24 parts of moutan bark (containing single-petal red and double-petal red) of Taiping river; 8 parts of Paeonia ostii white produced by Yaojiang river; 8 parts of paeonia ostii produced by Anhui; 10 parts of various ornamental varieties produced by Luoyang (Zhao powder, pujuan purple, clove purple, dazuo purple, nuanziyan, haihuang, yaohuang, luoyang brocade, black peony and white peony); the extraction of the genomic DNA of the sample was carried out according to the above-mentioned DNA extraction method.

DNA quality detection

DNA quality was checked by agarose gel electrophoresis using a DYCP-31DN model electrophoresis apparatus. mu.L of DNA sample was added to 1. Mu.L of 6 × loading buffer and gently mixed.
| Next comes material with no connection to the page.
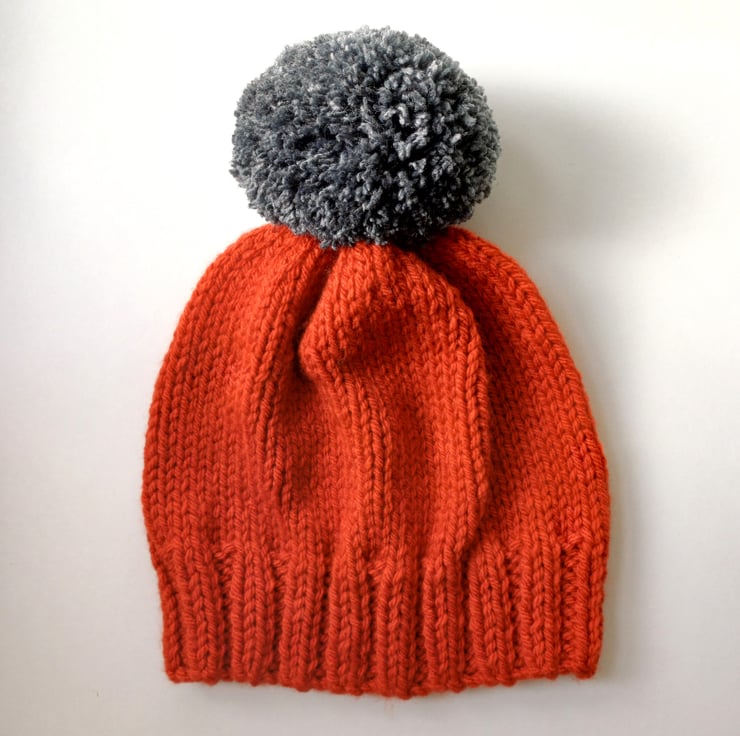 This bobble hat is hand knitted in a burnt orange chunky acrylic yarn with a large mid grey chunky and squishy mid grey pom pom sewn on.

After mixing uniformly, the mixed solution and 3 microliter DNA Marker are spotted into the sampling hole by a pipette gun; connecting electrophoresis conductor between power supply and electrophoresis apparatus, setting electrophoresis parameters, and setting voltage of 120V cm ^-1 Electrophoresis time is 40 minutes; and after the electrophoresis is finished, detecting the agarose gel by using a ZF-2 type ultraviolet analyzer, and marking and storing an electrophoresis pattern.

PCR amplification

In order to achieve good amplification effect, PCR enhancers (2% (W/V) BSA, 1% (W/V) PVP) were used in the PCR system. The PCR amplification system was prepared as shown in Table 3.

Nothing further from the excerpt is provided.